Dr. Samore was Special Assistant to the President and Senior Director for Nonproliferation and Export controls under President Clinton from 1995 to 2000. Before the National Security Council, Dr. Samore worked on nonproliferation issues at the State Department. In 1995, he received the Secretary of Defense Medal for Meritorious Civilian Service for his role in negotiating the 1994 North Korea nuclear agreement. Prior to the State Department, he worked at the Lawrence Livermore National Laboratory and the Rand Corporation.

Dr. Samore was a National Science Foundation Fellow at Harvard University, where he received his MA and PhD in government in 1984. While at Harvard, he was a pre-doctoral fellow at what was then the Harvard Center for Science and International Affairs, later to become the Belfer Center for Science and International Affairs.
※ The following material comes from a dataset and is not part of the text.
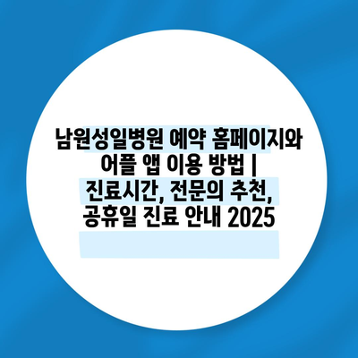 남원성일병원 예약 홈페이지와 어플 앱 이용 방법 | 진료시간, 전연락 추천, 공휴일 진료 공지 2025에 대해 알아보겠습니다.

Sahar Nowrouzzadeh is a joint research fellow with the Iran Project and Project on Managing the Atom at the Harvard Kennedy School’s Belfer Center for Science and International Affairs. Her research focuses on Iran’s leadership decision-making and nuclear program. Beginning her tenure as a career civil servant within the U.S. government in 2005, she has focused on Iran under three U.S. administrations.  She was charged with covering the Iran portfolio on the Secretary of State’s Policy Planning Staff between 2016 and 2017 and served as a Director for Iran and Iran Nuclear Implementation on the White House National Security Council (NSC) Staff from 2014 to 2016. At the NSC, she was part of President Obama’s team responsible for supporting the negotiation and implementation of the Joint Comprehensive Plan of Action (JCPOA) reached between the P5+1, the European Union and Iran in 2015.  She also previously served as a Team Chief and Senior Analyst at the U.S. Department of Defense and a Foreign Affairs Officer and Persian Language Spokesperson at the U.S. Department of State. She is the recipient of such awards as the State Department Superior Honor Award, a National Intelligence Meritorious Unit Citation and the Secretary of Defense Medal for the Global War on Terrorism.

Sahar earned her Bachelor’s Degree in International Affairs with a double concentration in International Economics and Middle East Studies from the Elliott School of International Affairs at the George Washington University in 2005. She earned her Master’s Degree in Persian Studies from the University of Maryland-College Park in 2007. Sahar knows several languages, including Persian, Spanish and Arabic. She was born and raised in Connecticut.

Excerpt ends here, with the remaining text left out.